There can be no doubt that further medical inquiry could be undertaken with a view towards development of the claim. However, under the benefit-of-the-doubt rule, where there exists “an approximate balance of positive and negative evidence regarding the merits of an issue material to the determination of the matter,” the Veteran shall prevail upon the issue. Ashley v. Brown, 6 Vet. App. 52, 59 (1993). In this case, the Board finds that there is “an approximate balance of positive and negative evidence regarding the merits of an issue material to the determination of the matter.” As such, this is a situation where the benefit-of-the-doubt doctrine applies. Accordingly, after resolving all doubt in the Veteran’s favor, the Board finds that service connection for prostate cancer is warranted. 38 U.S.C. § 5107(b); 38 C.F.R. § 3.102.
REMANDED ISSUE
Service Connection for Erectile Dysfunction
A disability may be service-connected on a secondary basis if it is proximately due to or the result of a service-connected disease or injury; or, if it is aggravated beyond its natural progress by a service-connected disease or injury. 38 U.S.C. § 1131; 38 C.F.R. § 3.310(a), (b). Here, the Veteran contends that his erectile dysfunction is secondary to his now service-connected prostate cancer. While VA treatment records dated in November 2016 indicate that the Veteran has a diagnosis of erectile dysfunction, there is no conclusive evidence showing that his erectile dysfunction is related to his prostate cancer.
The Veteran has not been afforded a VA examination for his erectile dysfunction. Thus, as he is now service-connected for prostate cancer, and as he maintains that his prostate cancer caused his erectile dysfunction, a remand is necessary for the AOJ to schedule him for an appropriate VA examination to determine the etiology of his erectile dysfunction.
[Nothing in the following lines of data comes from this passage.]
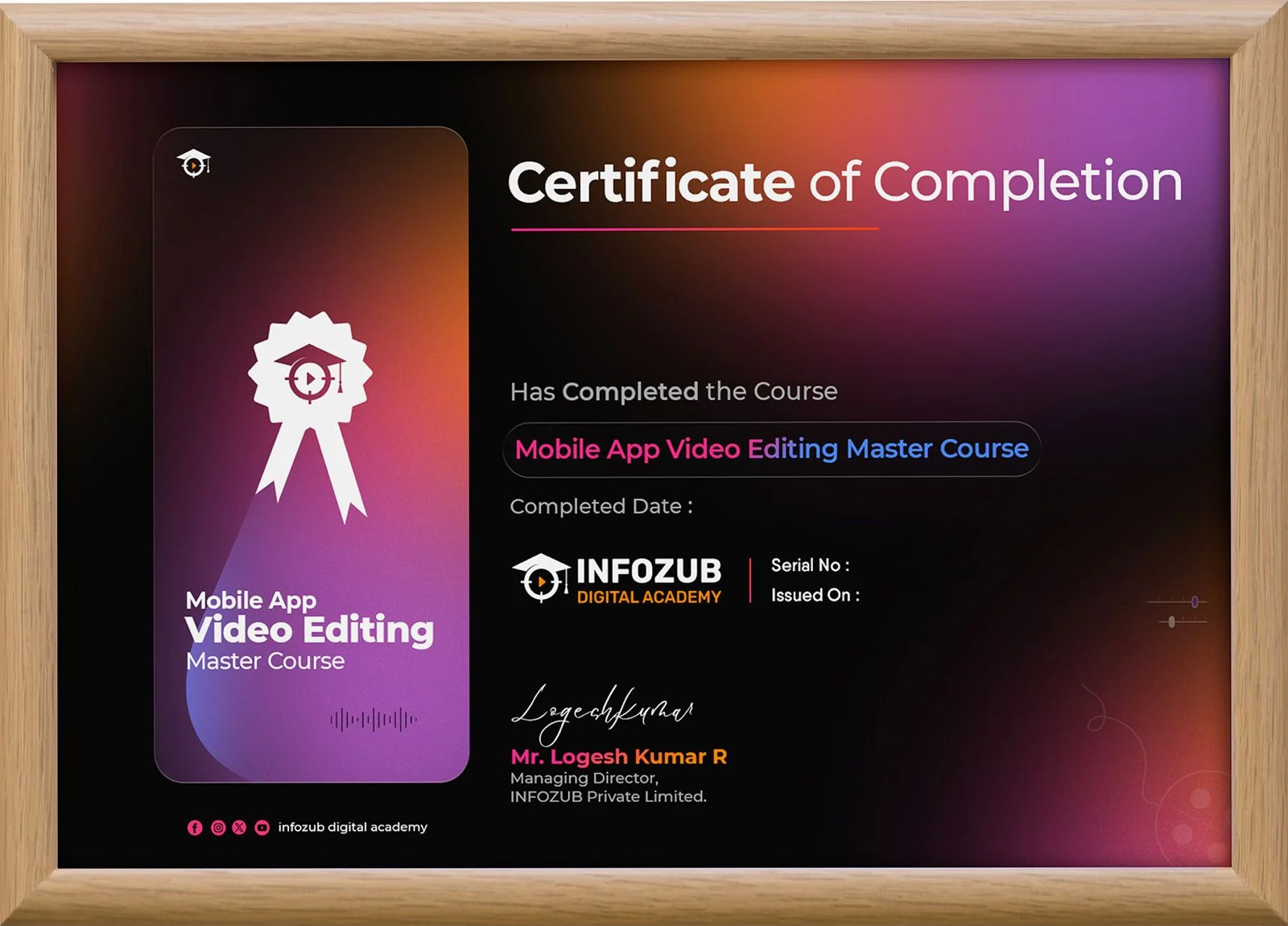 Earn a professional certification with our Mobile App Video Editing Master Course and showcase your video editing expertise. Validate your skills with a globally recognized credential and elevate your career opportunities with Infozub Digital Academy!
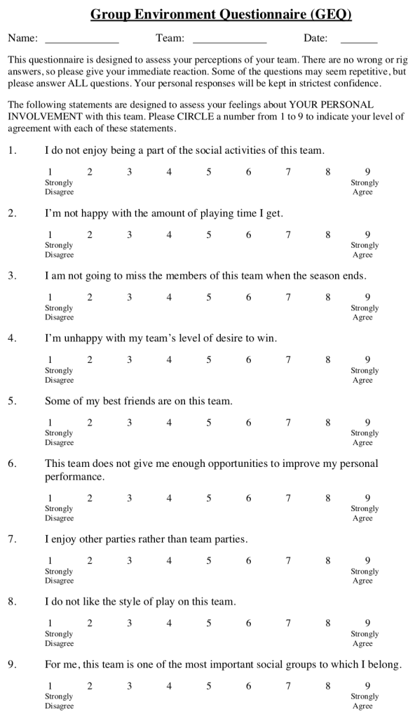 Group Environment Questionnaire (GEQ):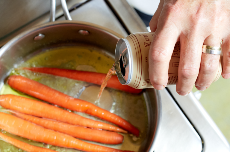 grew fruit for making hard cider, a drink safer than water in those days. Old recipes using cider for cooking go back to the 1800s, when it was used for the same reason. While our water may be cleaner these days, using hard cider adds a subtle, fruity flavor to these simple braised carrots.

Accordingly, this matter is REMANDED for the following action:
1. Schedule the Veteran for an appropriate VA examination to determine the nature and etiology his erectile dysfunction. All studies, tests, and evaluations deemed necessary by the examiner should be performed. The examiner should review all pertinent records associated with the claims file. The examiner is asked to:
Opine whether the Veteran has erectile dysfunction that is at least as likely as not (50 percent probability or greater) caused, or aggravated (made worse), by—or is proximately due to—his now service-connected prostate cancer.
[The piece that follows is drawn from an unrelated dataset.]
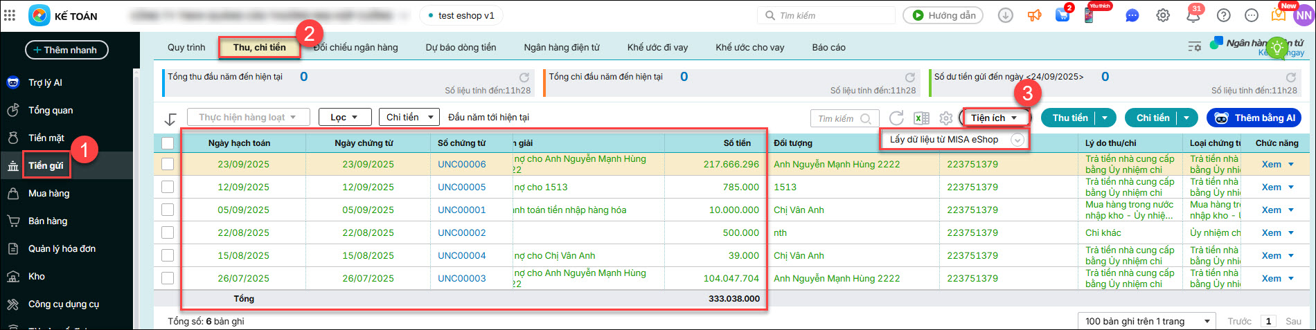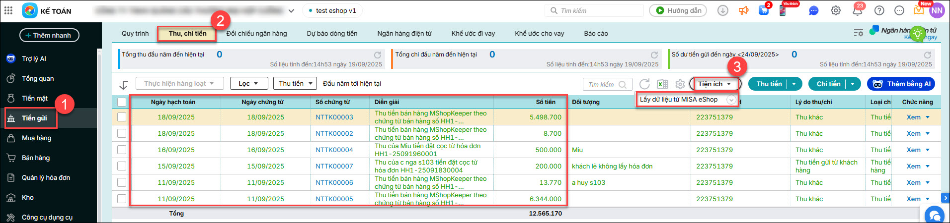• Chứng từ lấy sang AMIS kế toán: Vào phân hệ Tiền gửi / tab Thu, chi tiền / Tiện ích: Lấy dữ liệu từ MISA ESHOP → các chứng từ này sẽ hiển thị ở phân hệ Tiền gửi, tab Thu, chi tiền, loại phiếu thu tiền trên AMIS kế toán.

A rationale must be provided for all opinions expressed.
2. Readjudicate the issue of entitlement to service connection for erectile dysfunction as secondary to the service-connected prostate cancer.
THERESA M. CATINO
Veterans Law Judge
Board of Veterans’ Appeals
Attorney for the Board T. Trowers, Associate Counsel
The Board’s decision in this case is binding only with respect to the instant matter decided. This decision is not precedential and does not establish VA policies or interpretations of general applicability. 38 C.F.R. § 20.1303.